Aqui estão alguns factos que dão uma ideia da seriedade do momento e que, se não for resolvido pelo reforço da unidade e da igualdade entre todos os espanhóis, tornará impossível qualquer projecto iberista.

-Espanha sofreu cerca de 3.500 atentados terroristas que levaram a 864 mortos e milhares de feridos. A ETA foi democraticamente derrotada, mas criou um partido que para além de não condenar ou se arrepender dos seus crimes, ainda justifica estas acções e homenageiam os seus autores. O actual governo formou-se graças ao apoio desse partido (Bildu). Como paga, o PSOE votou, recentemente, no Parlamento Europeu contra o esclarecimento dos 376 assassinatos que ainda se encontram por resolver.

-Na Catalunha, mediante um processo de engenharia mental e social copiada do nazismo, o secessionismo conseguiu, em 2019, que 39% dos votantes apoiassem a independência. Isto contra 43% de não independentistas. Isto representa menos de 30% de registo de votantes. Durante quase 40 anos, o catalão foi imposto como a língua única e veicular da educação, sendo o espanhol banido de todos os usos oficiais. Hoje em dia, 33% falam catalão e 55% espanhol. O direito de receber ensino na língua materna desapareceu para os falantes de espanhol na Catalunha. O espanhol sempre foi um idioma tão típico da Catalunha quanto o catalão.

-Espanha é um estado muito descentralizado, com 17 regiões autonómicas com capacidade legislativa, fiscal e económica. O País Basco goza de um estatuto excepcional que o converte num estado semi-independiente. O resultado foi a perda de uma unidade fiscal e de mercado, o desaparecimento de um sistema sanitário, educativo, judicial, policial e oficial único. Isto aumenta a desigualdade entre os espanhóis com base no local de nascimento. A renda per capita pode chegar a 50% (entre Madrid e o País Basco, por um lado, e a Estremadura, pelo outro).

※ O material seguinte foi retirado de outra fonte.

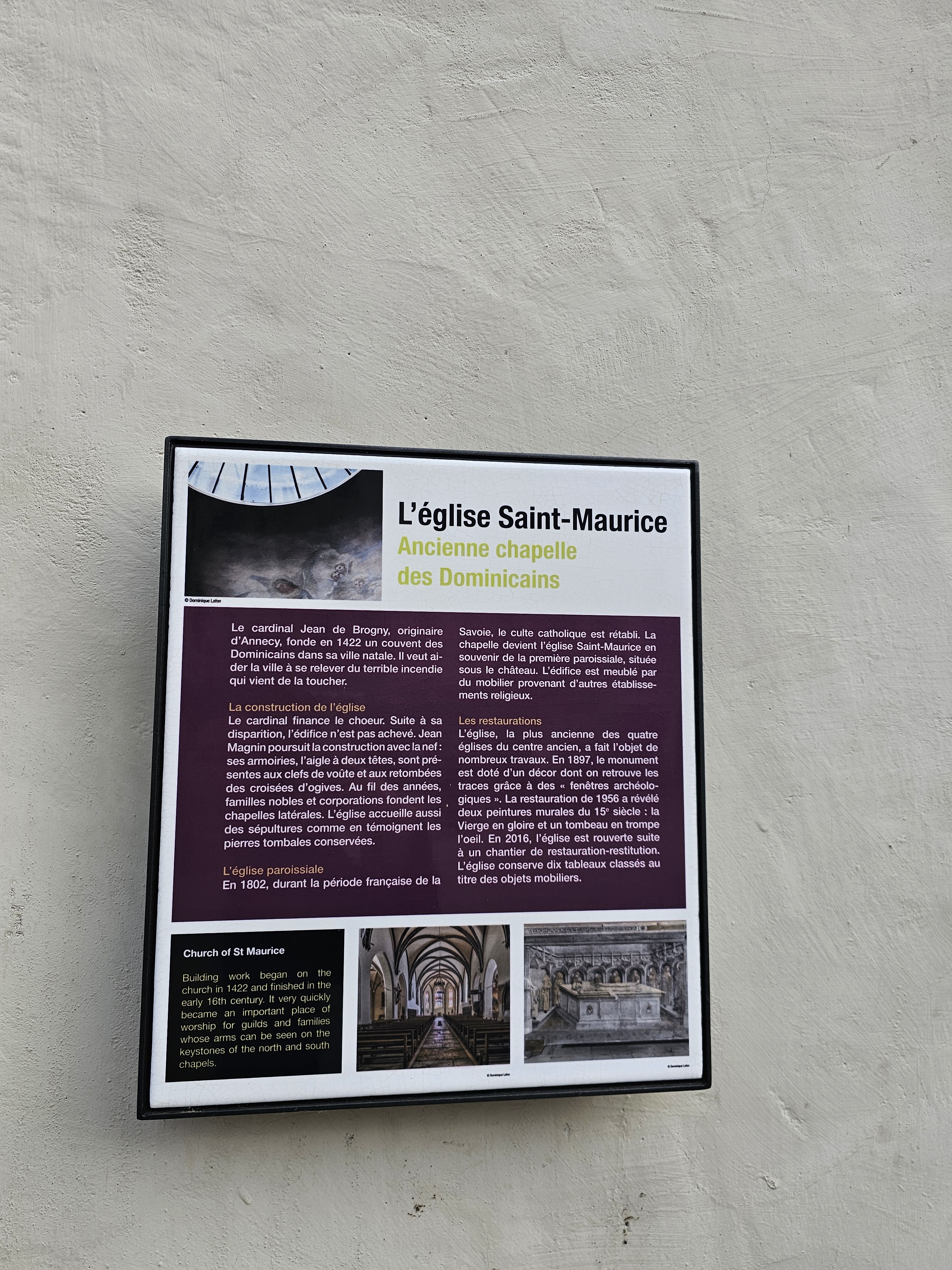 Église San Maurizio, la plus ancienne d'Annecy, lieu de première communion et de confirmation de Saint François de Sales. Ici, en tant qu'évêque, il enseignera le catéchisme aux plus petits. Pas tenu parfaitement
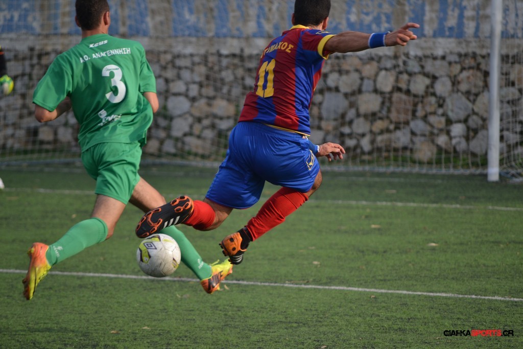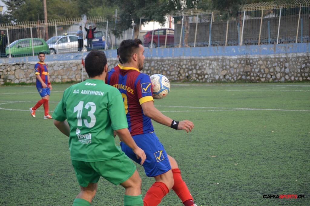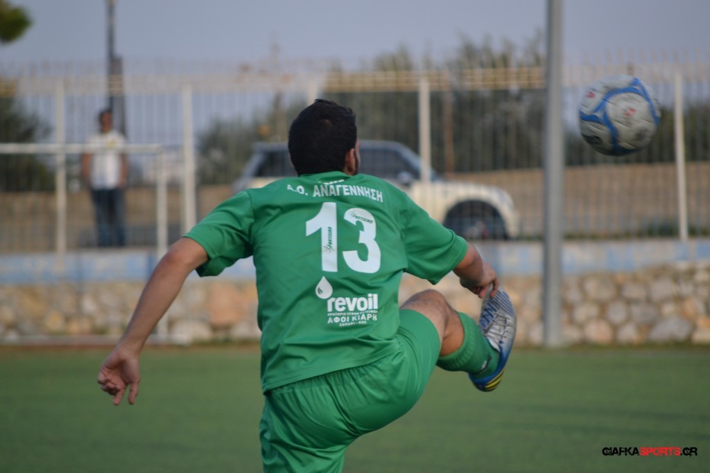 Η Αναγέννηση προσπάθησε να απαντήσει με τον Βογιατζή στο 34′ να σπαταλά μονοδική ευκαιρία όταν ο Μιαούδης σταμάτησε το πλασέ του από κοντά και ένα λεπτό αργότερα στην αντεπίθεση ο Τσατσακλάς βρήκε με κάθετη πάσα τον Πη και εκείνος με δυνατό σουτ απ’ τα όρια της περιοχής νίκησε τον Χατζηβασίλη για το 2-0 που ήταν και το αποτέλεσμα του πρώτου μέρους.
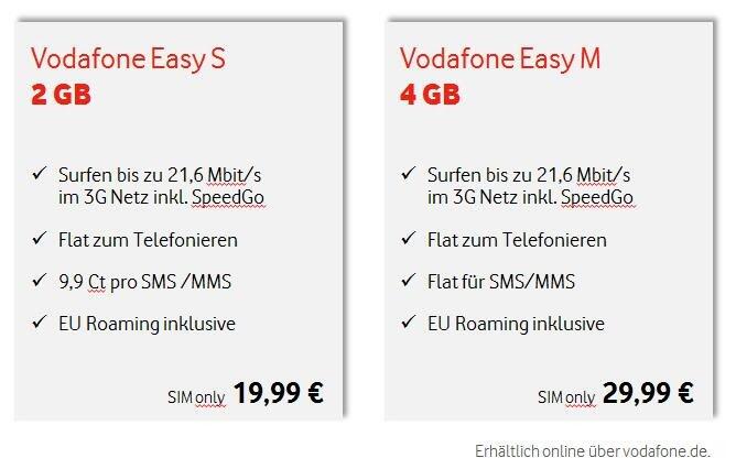 Zum monatlichen Basispreis von 19,99 Euro bietet Vodafone im Tarif Easy S eine Telefonie-Flat und ein zwei Gigabyte großes Datenpaket. Für zehn Euro mehr gibt es im Tarif Easy M doppelt so viel Datenvolumen und eine SMS- & MMS-Flatrate dazu. In der gesamten EU gelten die Tarifleistungen ohne Aufpreis.
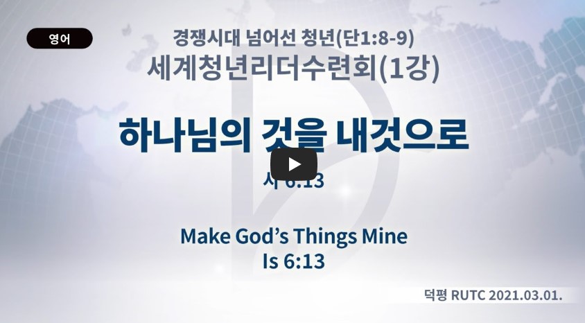 2022- 세계 청년리더수련회 1강: 하나님의 것을 내 것으로 이사야 6:13 ♠ 주제: 경쟁 시대를 넘어선 청년 (단1:8-9) ♠ ♠성경말씀(이사야 6:13) 그 중에 십분의 일이 아직 남아 있을지라도 이것도 황
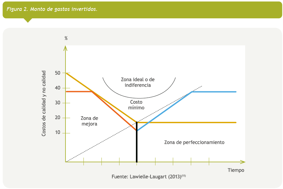 Lavielle-Laugart (2013)(11) plantea que es estratégico ser eficientes en el Sistema de Gestión de Calidad (SGC) pues la medición será un medio de control, que permitirá identificar actividades o procesos ineficientes que requerirán del mejoramiento continuo. Refiere que una empresa ha de ubicarse según el monto de lo gastos invertidos en una de las tres zonas posibles: zona de mejora, de indiferencia o de perfeccionamiento (Fig. 2).
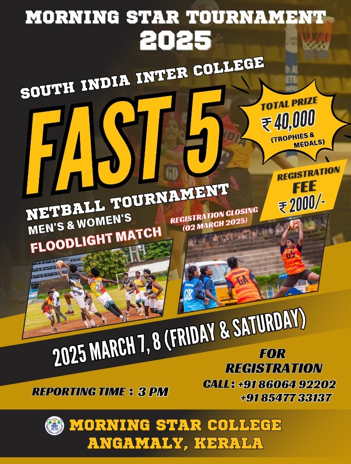 അങ്കമാലി :കേരള സമൂഹത്തിൽ അതിശക്തമായി വ്യാപിച്ചുകൊണ്ടിരിക്കുന്ന ലഹരി എന്ന ആസക്തിക്കെതിരെ Say No to Drugs, Yes to Sports & Health എന്ന ആശയം ഉയർത്തിപ്പിടിച്ചുകൊണ്ട് അങ്കമാലി മോർണിംഗ് സ്റ്റാർ കോളേജിൽ വെച്ച് നടക്കുന്ന സൗത്ത് ഇന്ത്യൻ നെറ്റ്ബോൾ, അഖിലകേരള 3*3 ബാസ്ക്കറ്റ്ബോൾ മോർണിംഗ് സ്റ്റാർ ടൂർണമെന്റ് 2025 മാർച്ച് 7, 8 തീയതികളിൽ നടത്തപ്പെടുകയാണ്. അസിസ്റ്റന്റ് എക്സൈസ് കമ്മീഷണറായ ശ്രീമാൻ മുഹമ്മദ് ഹാരിഷ് ലഹരിക്കെതിരെ കായിക താരങ്ങളെ അണിനിരത്തിയുള്ള പ്രചരണത്തിന് തുടക്കം കുറിക്കുന്നു.
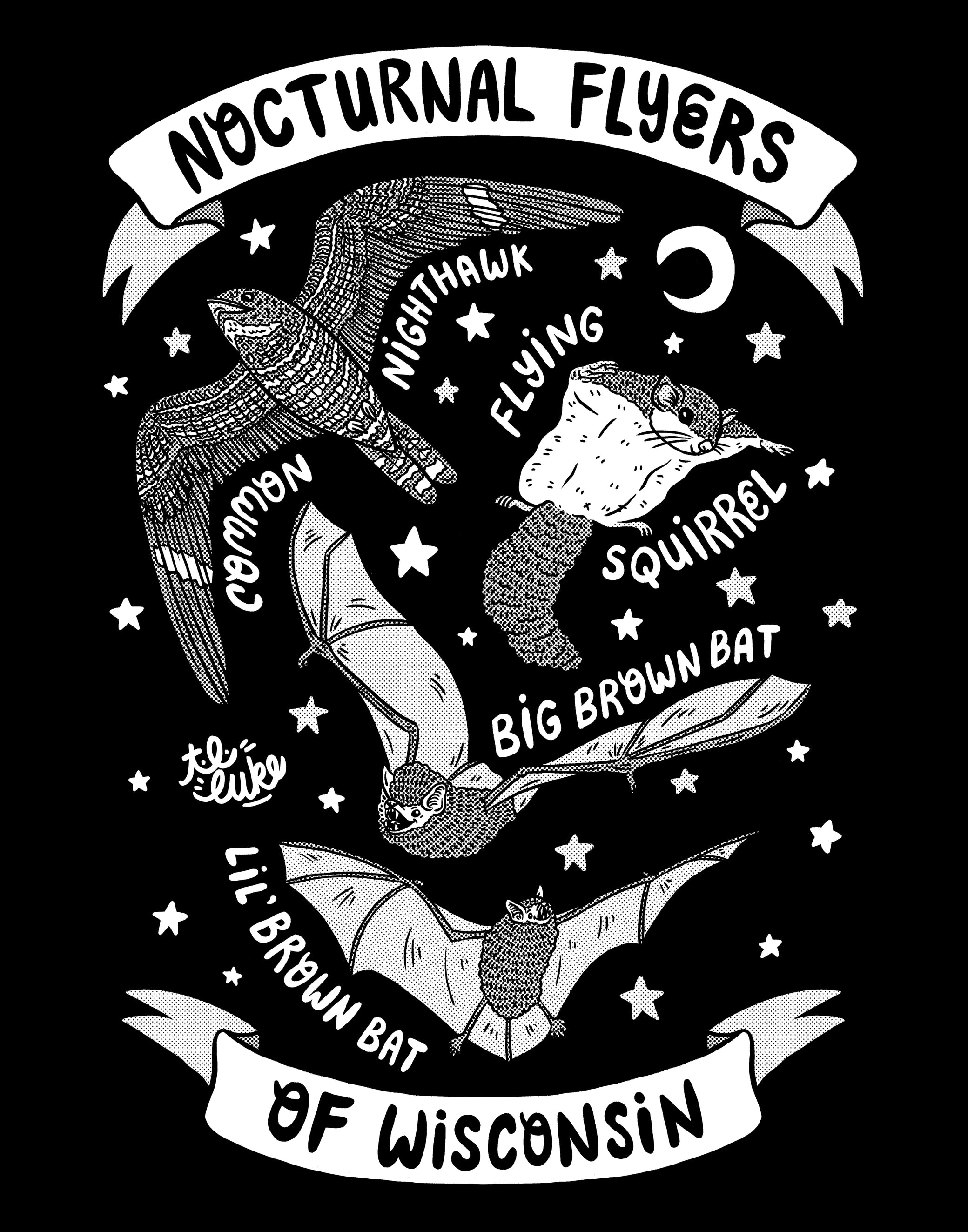 Walking around Wisconsin at night and see something swoop through the night sky? It might be one of these cute nocturnal flyers: Common Nighthawk, Flying Squirrel (It's true!!), Big Brown Bat, and Little Brown Bat (different species of bat!!) Check out our shirts too!
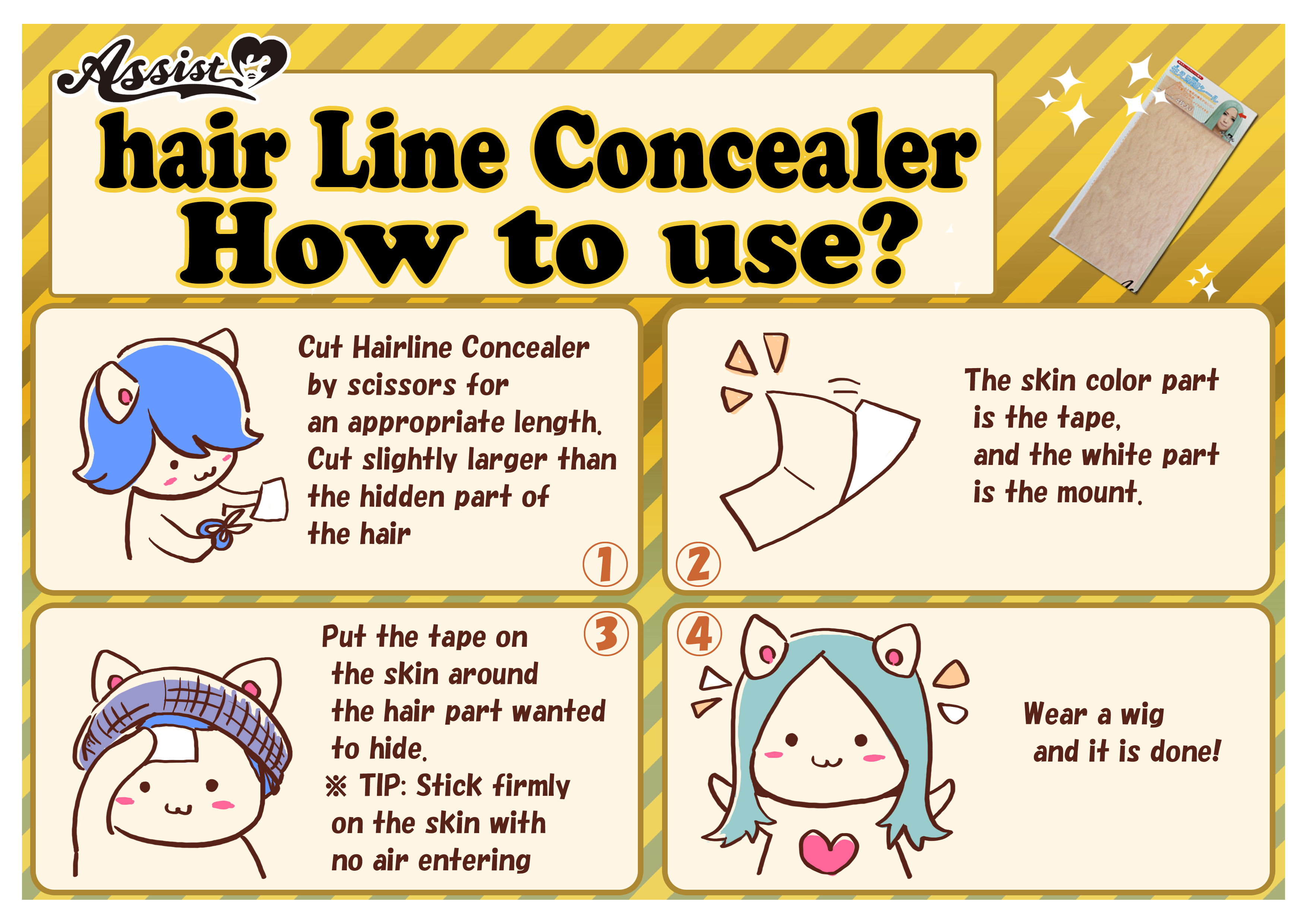 Features of the “Hairline Hide Sticker” that securely hides the hairline of your own hair

-O separatismo catalão tentou criar, em Outubro de 2017 e mediante da força dos feitos consumados, uma situação social e política irreversível (equivalente ao que tradicionalmente se chama de golpe de estado), que acabara obrigando o estado a reconhecer a sua independência. Para tal anularam a constituição, aboliram a monarquia e proclamaram a República Catalã, aprovando leis substitutas que se chamaram de desconexão e de transição, desobedecendo a todas as sentenças condenatórias do Tribunal Supremo e do Constitucional. Os cabecilhas da insurreição foram condenados por sedição e peculato, com penalidades inferiores ao máximo estabelecido pelo nosso código penal. Essa sentença causou uma rebelião violenta com incêndios e distúrbios em toda a Catalunha por quinze dias. Nada semelhante aconteceu em Espanha, isto desde o final da guerra civil de 1939.

-O independentismo catalão e basco, promovido pelas classes dominantes, são claramente racistas, baseados no ódio a tudo o que é espanhol, não ocultando um supremacismo latente desde as suas origens no século XIX. A sua raiz é profundamente antidemocrática, reaccionária e defensora de privilégios que vão contra a igualdade entre todos os espanhóis. O seu maior êxito consistiu em por ao seu lado a grande parte da esquerda espanhola, especialmente o PSOE e o Podemos, os dois partidos que hoje formam governo graças ao apoio dos independentistas.

-O actual governo está disposto a abrir a porta a uma interpretação “constitucional” que permita a independência efectiva da Catalunha, camuflada num federalismo criativo e assimétrico. Pretende substituir a vontade de todos os espanhóis, únicos sujeitos da soberania nacional por um referendo limitado na Catalunha. Assim se inicia um período de instabilidade política e de um enfrentamento civil de imprevisíveis consequências.

Convido aos eleitores, sejam de que orientação política forem, a que imaginem a existência de algo parecido em Portugal. Pensariam que o melhor seria fragmentar-se para integrar-se num Estado Ibérico?

 

Santiago Trancón Pérez é filólogo, escritor, professor de língua e literatura e membro da Plataforma pela Federação Ibérica.